修学院離宮 (Shugakuin Imperial Villa)
修学院離宮(しゅがくいんりきゅう)は京都市左京区の比叡山麓にある宮内庁所管の離宮である。
17世紀中頃(1653年(承応2年) - 1655年(承応4年))に後水尾天皇の指示で造営された。
桂離宮・仙洞御所とならび、王朝文化の美学の到達点を示すものとなっている。
概要
修学院離宮は上御茶屋(かみのおちゃや)、中御茶屋(なかの-)、下御茶屋(しもの-)と呼び習わす3か所の庭園からなり、面積は54万平方メートルに及ぶ。
各御茶屋の間には田畑が広がり、細い松並木道が各御茶屋を結んでいる。
上御茶屋と下御茶屋は、後水尾上皇(第108代天皇)の指示により、1655年(明暦元年)から1659年(万治2年)にかけて江戸幕府が造営した離宮である。
後水尾上皇は女中に変装して輿に乗り、造営中の離宮を自ら訪れて造営の指図をしたというが、真偽のほどは定かでない。
上・下御茶屋は1884年(明治17年)、宮内省の所管となった。
一方、中御茶屋は、同じ頃後水尾上皇の皇女の御所として造営されたもので、1885年(明治18年)に修学院離宮に編入された。
修学院離宮は、第二次大戦後は、京都御所、桂離宮などと同様、「皇室用財産」(所有者は国)と位置づけられて、宮内庁が管理している。
見学には、事前に宮内庁京都事務所に、郵送・直接申請あるいはインターネットを通じて申し込んで許可を得る必要がある。
また18歳未満の者の見学はできない。
施設
下御茶屋
池泉観賞式庭園で、門・塀以外の建物と柿葺(こけらぶき)の屋根を乗せた簡素な建物である。
水墨の襖絵は後水尾上皇時代のものではなく、江戸後期の絵師・岸駒(がんく)および岡本豊彦の筆になる。

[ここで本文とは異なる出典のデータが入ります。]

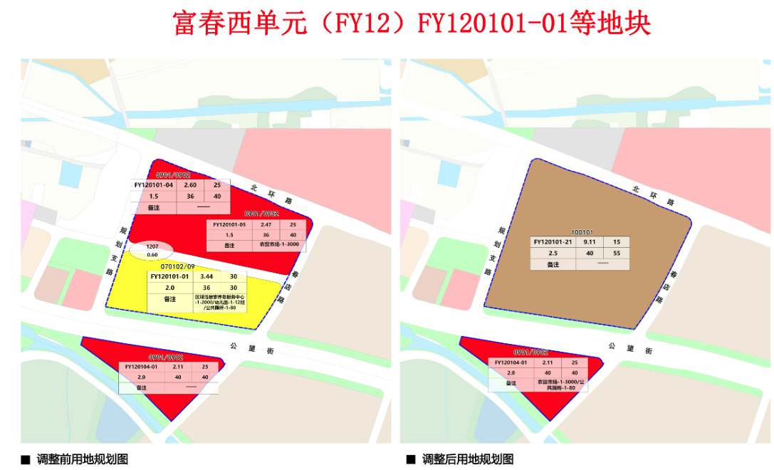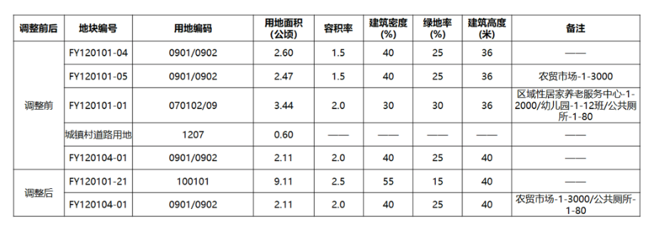 一是取消原规划支路,将两宗规划商办用地(FY120101-04、FY120101-05)、一宗规划住宅用地(FY120101-01地块)合并调整为一宗一类工业用地(FY120101-21);二是调整配套设施布局,经公服配套核查论证取消原规划中配建的幼儿园以及区域性居家养老服务中心,并将农贸市场和公厕调整至南侧FY120104-01地块集中设置;三是对FY120101-21地块容积率,建筑密度等指标进行相应调整。

寿月観前庭の飛び石や、庭に立つ袖石灯篭も有名である。
中御茶屋
後水尾上皇の第8皇女・光子内親王のために1668年(寛文8年)造営された朱宮(あけのみや)御所が前身である。
朱宮御所は上皇の死後、林丘寺(りんきゅうじ)という寺に改められていた。
1885年(明治18年)、楽只軒(らくしけん)と客殿を含む、林丘寺境内の約半分が宮内省に返還され、修学院離宮の一部となった。
なお、林丘寺は門跡尼寺として今も存続している。
楽只軒は前述の朱宮御所の一部で、1668年(寛文8年)頃の造営である。
書院造の客殿は、1677年(延宝5年)造営された東福門院(後水尾天皇女御、徳川2代将軍秀忠娘)の女院御所の奥対面所を移築したものである。

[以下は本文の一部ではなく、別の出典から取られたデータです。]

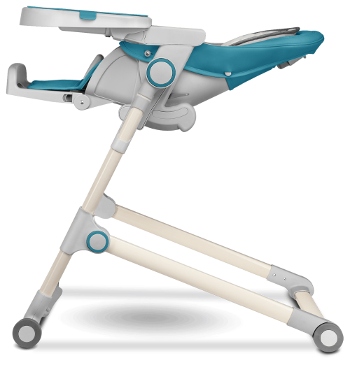 4 úrovně nastavení výšky pro krmení 3 úrovně nastavení opěradla - od sedu do polohy vleže 5ti bodové bezpečnostní pásy 3 úrovně nastavení opěrky nohou 2 úrovně nastavení dvojitého podnosu (vnější lze umýt v myčce nádobí) polstrování lze sundat a snadno čistit měkká vložka pro mladší děti obsahuje 75% bavlny kolečka šetrná k podlaze snadné skládání, funkce Easy Stand, vhodná na cesty

客殿一ノ間の霞棚は、桂離宮の桂棚、醍醐寺三宝院の醍醐棚とともに「天下三棚」の一として知られる。
上御茶屋
巨大な人工池の浴龍池(よくりゅうち)と大刈込を中心とした壮大な庭園である。
御幸門から石段を上った離宮内の最高所に隣雲亭が建つ。
ここまで登ると、急に展望が開け、眼下に浴龍池、遠方に借景の山々を望む壮大な風景が広がる。
隣雲亭は1824年(文政7年)の再建で、展望を目的とした、装飾のほとんどない簡素な建物で、床(とこ)・棚も設けていない。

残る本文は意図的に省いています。